Supplied information |
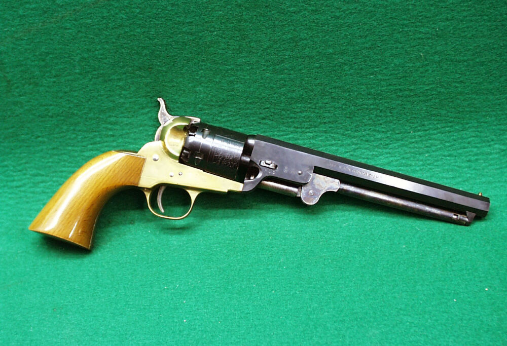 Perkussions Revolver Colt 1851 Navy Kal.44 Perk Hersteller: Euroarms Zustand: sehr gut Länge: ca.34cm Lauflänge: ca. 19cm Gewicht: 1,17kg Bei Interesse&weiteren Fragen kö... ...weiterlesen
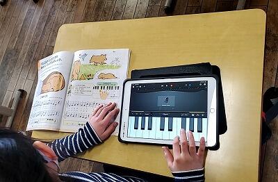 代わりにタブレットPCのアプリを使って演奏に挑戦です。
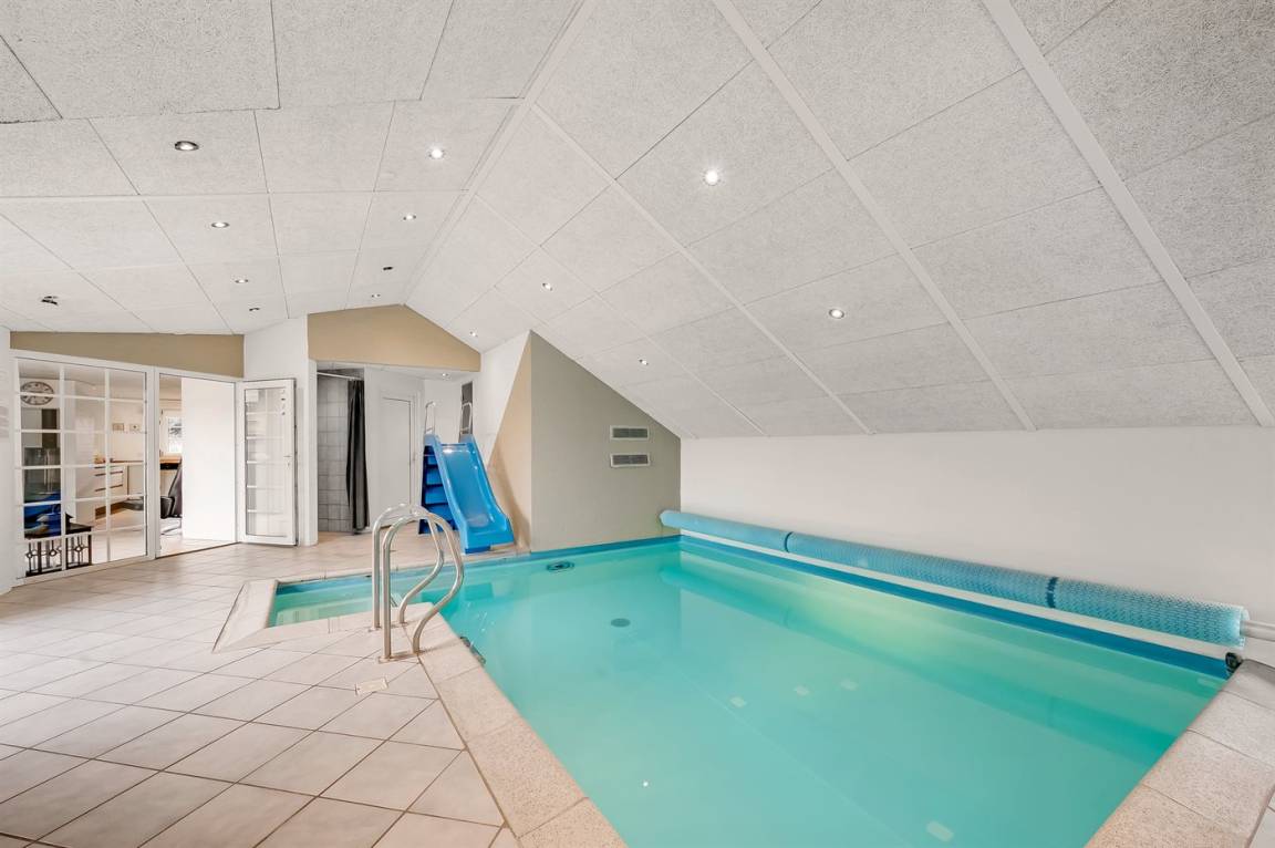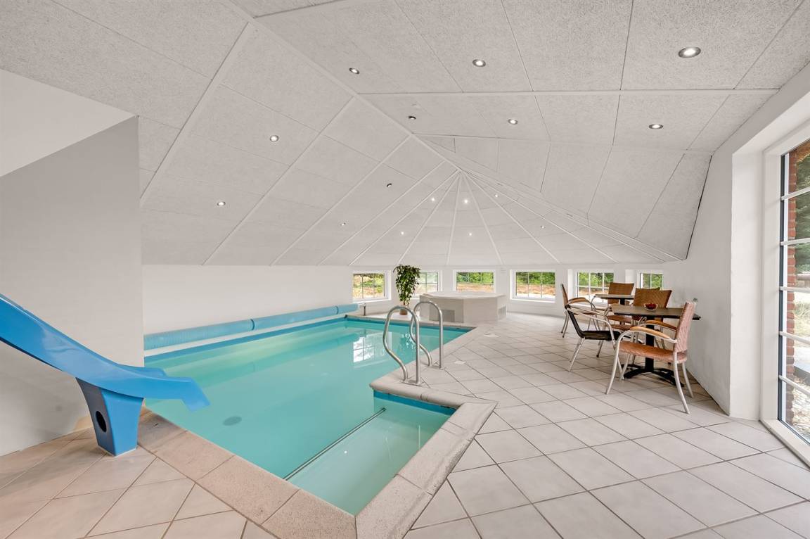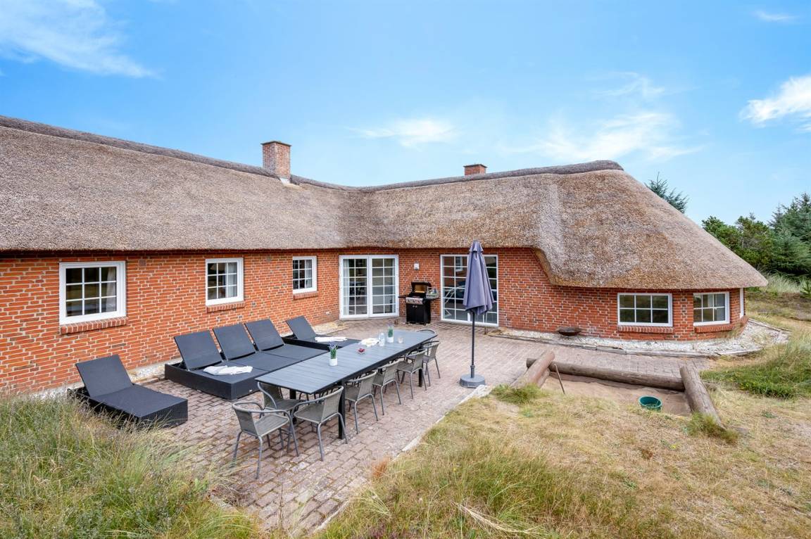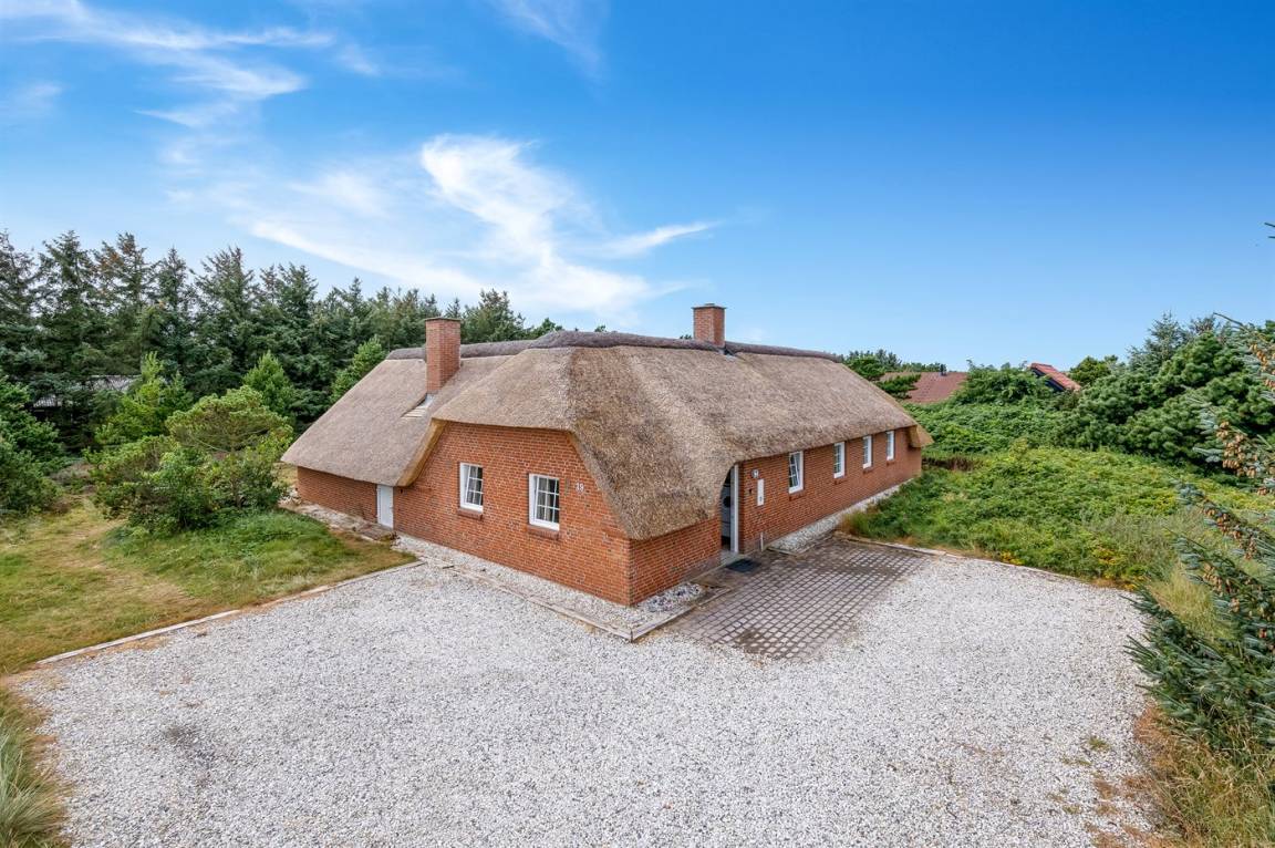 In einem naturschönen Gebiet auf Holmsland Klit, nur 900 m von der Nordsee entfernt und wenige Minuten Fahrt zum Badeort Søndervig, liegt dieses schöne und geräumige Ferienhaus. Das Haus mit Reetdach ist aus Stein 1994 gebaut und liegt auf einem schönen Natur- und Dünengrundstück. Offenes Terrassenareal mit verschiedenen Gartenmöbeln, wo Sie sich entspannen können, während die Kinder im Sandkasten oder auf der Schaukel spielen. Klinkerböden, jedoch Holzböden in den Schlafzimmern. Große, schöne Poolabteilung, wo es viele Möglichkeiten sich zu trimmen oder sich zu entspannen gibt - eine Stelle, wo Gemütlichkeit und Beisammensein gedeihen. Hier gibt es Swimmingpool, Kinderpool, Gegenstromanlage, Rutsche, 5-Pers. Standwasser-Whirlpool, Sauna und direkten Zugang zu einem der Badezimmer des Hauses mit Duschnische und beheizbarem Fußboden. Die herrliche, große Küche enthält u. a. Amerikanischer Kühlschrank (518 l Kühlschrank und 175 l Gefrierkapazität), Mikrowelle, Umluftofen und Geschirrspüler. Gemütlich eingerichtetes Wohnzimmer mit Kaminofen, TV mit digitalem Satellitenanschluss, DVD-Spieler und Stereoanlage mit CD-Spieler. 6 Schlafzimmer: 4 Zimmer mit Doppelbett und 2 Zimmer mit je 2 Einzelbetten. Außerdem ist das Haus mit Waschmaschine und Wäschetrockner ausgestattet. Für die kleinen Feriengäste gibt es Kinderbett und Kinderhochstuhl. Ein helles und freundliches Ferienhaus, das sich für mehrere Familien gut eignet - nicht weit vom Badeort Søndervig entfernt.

What is required | Give back the lines word for word, from the very first in the material above to the one that has "代わりにタブレットPCのアプリを使って演奏に挑戦です。", both included, without the pictures.

Solution below |
 Perkussions Revolver Colt 1851 Navy Kal.44 Perk Hersteller: Euroarms Zustand: sehr gut Länge: ca.34cm Lauflänge: ca. 19cm Gewicht: 1,17kg Bei Interesse&weiteren Fragen kö... ...weiterlesen
 代わりにタブレットPCのアプリを使って演奏に挑戦です。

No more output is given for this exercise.